Выбрать главу

Конечно, не поверили. Ну и что? Ему — то какое дело.

Были еще сбивчивые объяснения у ворот и даже благодарности от Кобзаря и Петровича. Потому что "Витька прокололся", когда Петрович по Митиной наводке пришел продавать ему "задешево" несуществующую зимнюю резину. После своего прокола Витька сознался под нажимом Кобзаря и Петровича, что вынес и спрятал шины заранее, в ночь своего последнего дежурства перед отпуском, и еще сделал так, чтобы все подумали, будто кража случилась в дежурство напарника. Какие другие методы давления на вора использовали Петрович и Кобзарь при получении показаний, осталось тайной. Но в результате всего Виктор в Дубках сторожем уже не работает. Кобзарь вернул свою зимнюю резину. А дяде Толе пришлось вернуться из отпуска почти на полторы недели раньше положенного времени.

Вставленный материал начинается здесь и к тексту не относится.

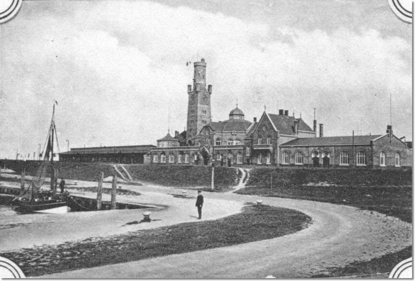 Postkarte (1905) mit Eingang zu den ehemaligen Passagierhallen beim Steubenhöft.
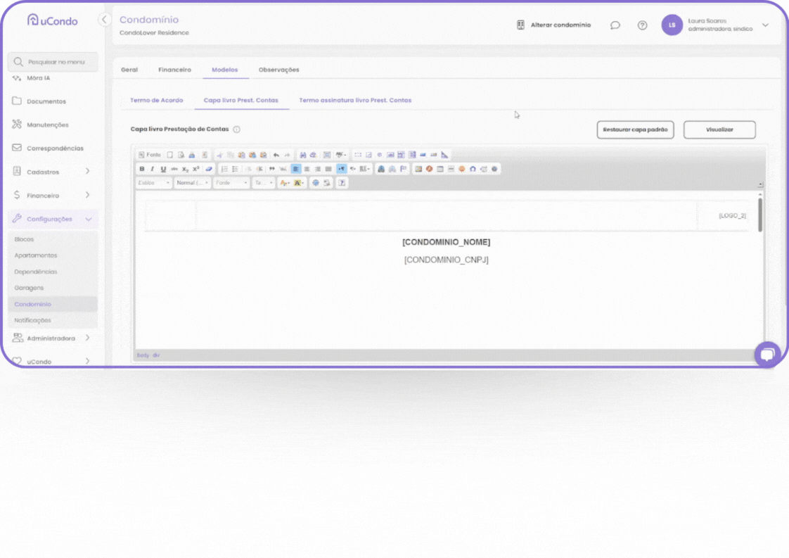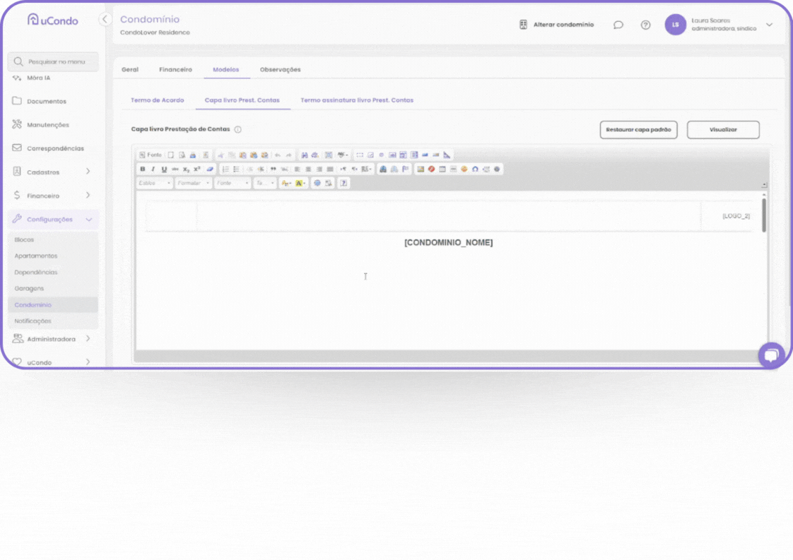 A personalização da capa e do termo de assinatura do livro de prestação de contas é uma funcionalidade essencial para garantir que os documentos financeiros do seu condomínio reflitam sua identidade visual e atendam às exigências legais. Com essa ferramenta, você pode ajustar os modelos padrão de forma simples e prática, proporcionando uma apresentação profissional e alinhada com as normas do condomínio.

Хуже всего было с бабушкой. Нет, когда Любовь Андреевна увидела Митину расписанную физиономию, она только губы поджала и сделала ему на скулу холодную примочку, хотя все равно уже было поздно. Но вот когда она узнала, что они все вместе были на дискотеке и Бэна с Тошей забрала милиция, — тут казалось, что Любовь Андреевна в один миг потеряла веру во все человечество. И вообще вот — вот наступит конец света. От внука она ничего другого уже не ожидала, но чтобы такое учудил Алеша Беньяминов! Однако и она легко успокоилась, когда выяснилось, что Тошу и Бэна задержали вроде бы по недоразумению, вообще ни за что, и даже довезли потом до Дубков.

Спать после всего этого они легли очень поздно, то есть рано, потому что уже светало.

Уезжали Тоша и Бэн пятичасовым. Вот он и появился, пока вдалеке, но с каждой секундой все ближе. Потом постоит еще минут десять на остановке, все — таки конечная, и повезет Митиных друзей в Москву. А он останется.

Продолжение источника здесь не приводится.